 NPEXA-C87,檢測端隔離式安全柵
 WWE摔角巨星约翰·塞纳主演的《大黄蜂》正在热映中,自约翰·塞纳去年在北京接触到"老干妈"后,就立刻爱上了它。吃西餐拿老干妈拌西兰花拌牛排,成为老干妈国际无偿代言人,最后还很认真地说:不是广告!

--

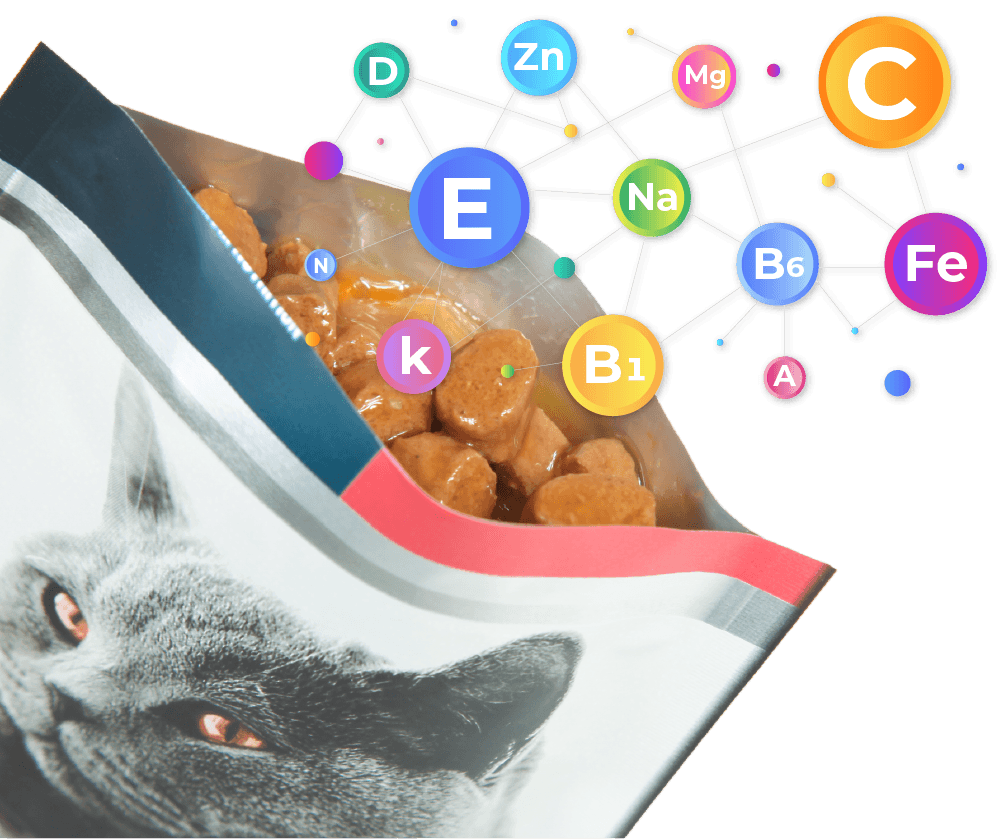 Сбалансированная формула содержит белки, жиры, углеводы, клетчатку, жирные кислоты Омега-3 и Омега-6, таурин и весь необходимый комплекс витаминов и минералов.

Task to complete:
Above is a listing; print exactly its lines from the one with "NPEXA-C87,檢測端隔離式安全柵" through the one with "WWE摔角巨星约翰·塞纳主演", and no other lines.

Answer space:
 NPEXA-C87,檢測端隔離式安全柵
 WWE摔角巨星约翰·塞纳主演的《大黄蜂》正在热映中,自约翰·塞纳去年在北京接触到"老干妈"后,就立刻爱上了它。吃西餐拿老干妈拌西兰花拌牛排,成为老干妈国际无偿代言人,最后还很认真地说:不是广告!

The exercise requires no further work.